■ **What you will do**
Retype the whole listing exactly. Leave out pictures.

■ **Information supplied**
──────

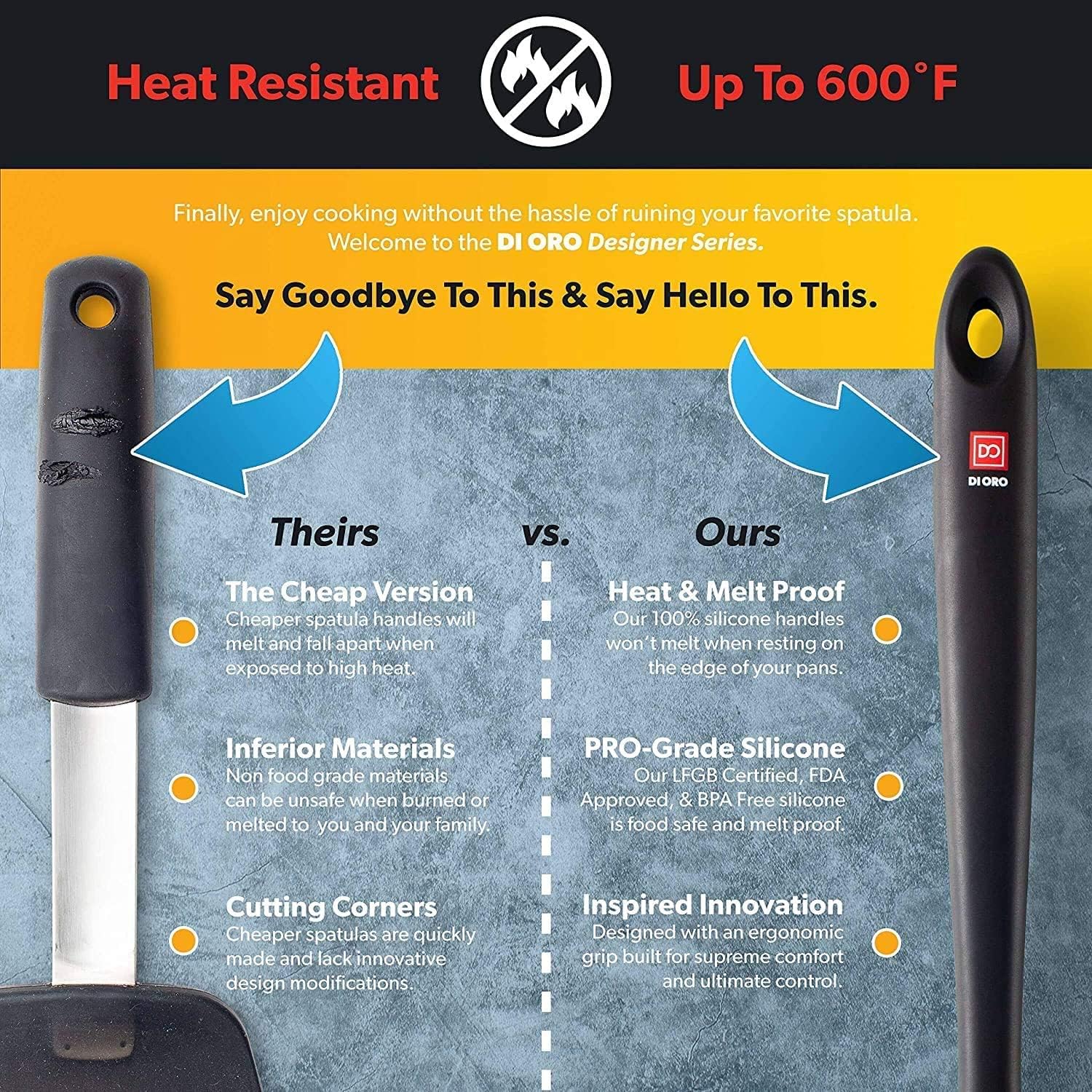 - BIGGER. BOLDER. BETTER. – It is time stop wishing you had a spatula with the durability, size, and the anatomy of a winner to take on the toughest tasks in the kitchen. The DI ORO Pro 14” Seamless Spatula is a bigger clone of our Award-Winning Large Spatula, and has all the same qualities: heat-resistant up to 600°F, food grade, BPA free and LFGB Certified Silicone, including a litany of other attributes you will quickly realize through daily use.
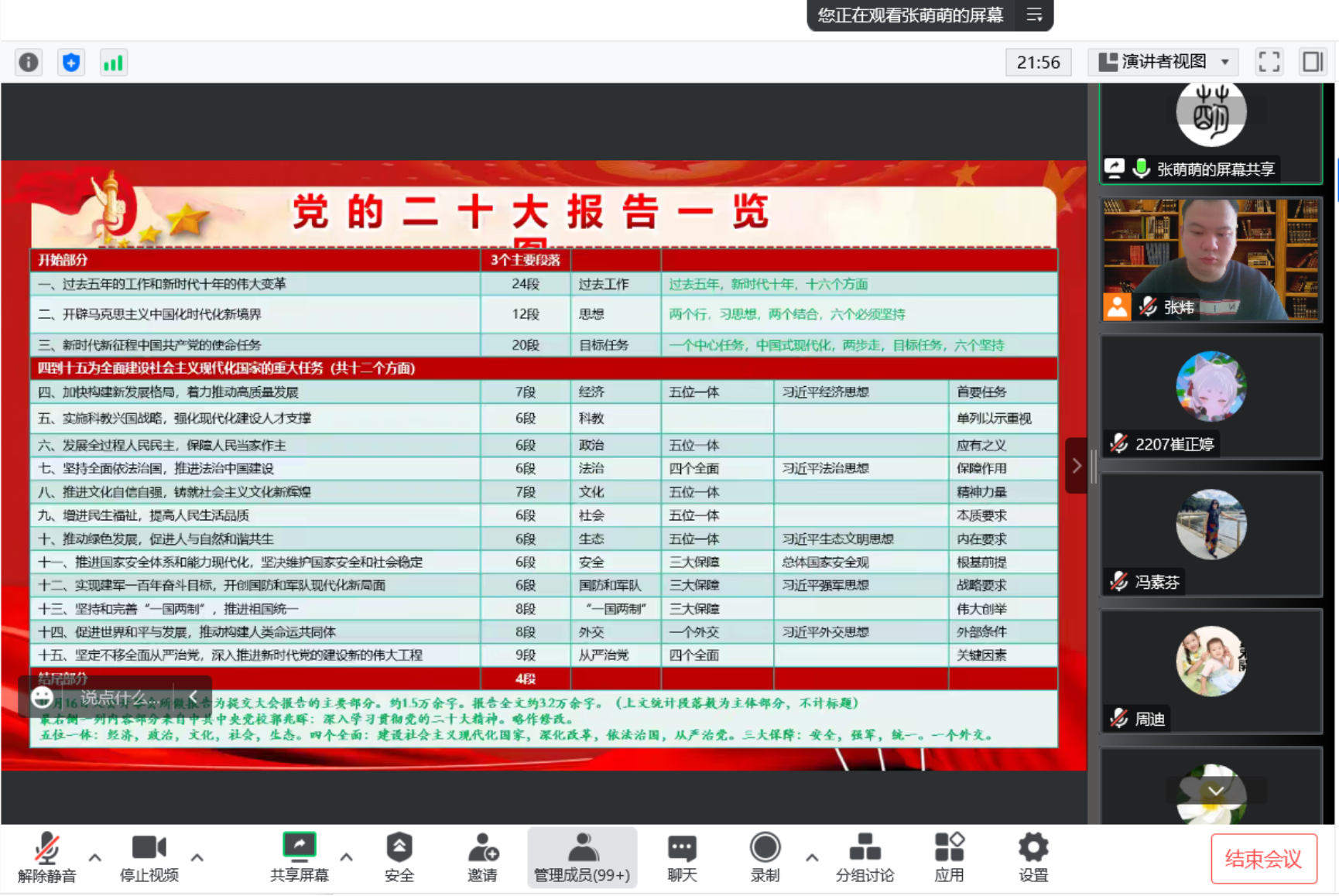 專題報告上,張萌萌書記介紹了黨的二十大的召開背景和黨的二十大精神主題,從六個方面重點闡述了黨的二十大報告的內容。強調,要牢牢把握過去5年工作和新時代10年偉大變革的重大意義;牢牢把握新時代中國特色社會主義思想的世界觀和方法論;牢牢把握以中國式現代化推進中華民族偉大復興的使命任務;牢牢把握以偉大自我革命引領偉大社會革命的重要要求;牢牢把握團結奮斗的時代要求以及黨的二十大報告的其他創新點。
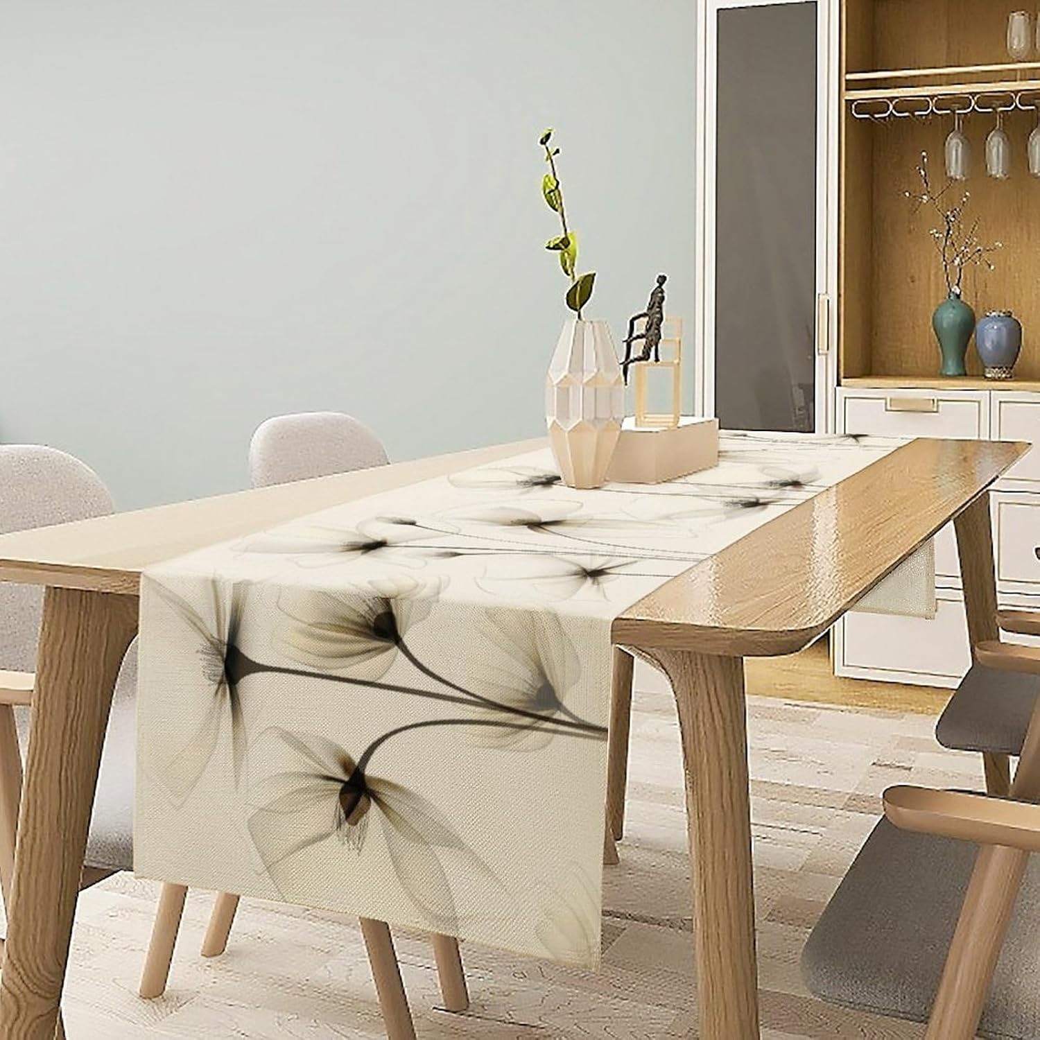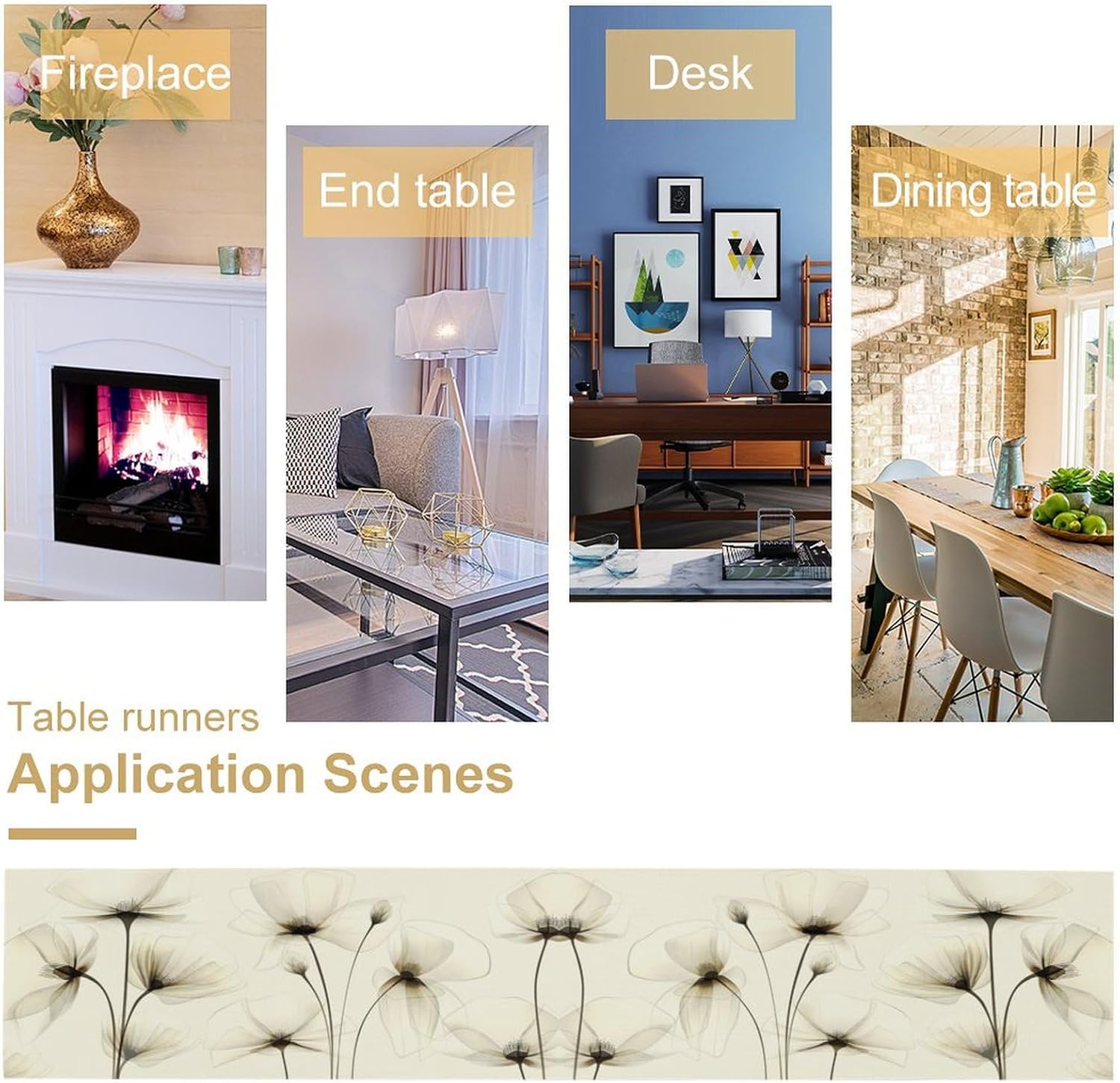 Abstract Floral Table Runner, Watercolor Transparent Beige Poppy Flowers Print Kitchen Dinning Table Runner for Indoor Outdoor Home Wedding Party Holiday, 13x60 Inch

──────

■ **Answer to the problem**
 - BIGGER. BOLDER. BETTER. – It is time stop wishing you had a spatula with the durability, size, and the anatomy of a winner to take on the toughest tasks in the kitchen. The DI ORO Pro 14” Seamless Spatula is a bigger clone of our Award-Winning Large Spatula, and has all the same qualities: heat-resistant up to 600°F, food grade, BPA free and LFGB Certified Silicone, including a litany of other attributes you will quickly realize through daily use.
 專題報告上,張萌萌書記介紹了黨的二十大的召開背景和黨的二十大精神主題,從六個方面重點闡述了黨的二十大報告的內容。強調,要牢牢把握過去5年工作和新時代10年偉大變革的重大意義;牢牢把握新時代中國特色社會主義思想的世界觀和方法論;牢牢把握以中國式現代化推進中華民族偉大復興的使命任務;牢牢把握以偉大自我革命引領偉大社會革命的重要要求;牢牢把握團結奮斗的時代要求以及黨的二十大報告的其他創新點。
 Abstract Floral Table Runner, Watercolor Transparent Beige Poppy Flowers Print Kitchen Dinning Table Runner for Indoor Outdoor Home Wedding Party Holiday, 13x60 Inch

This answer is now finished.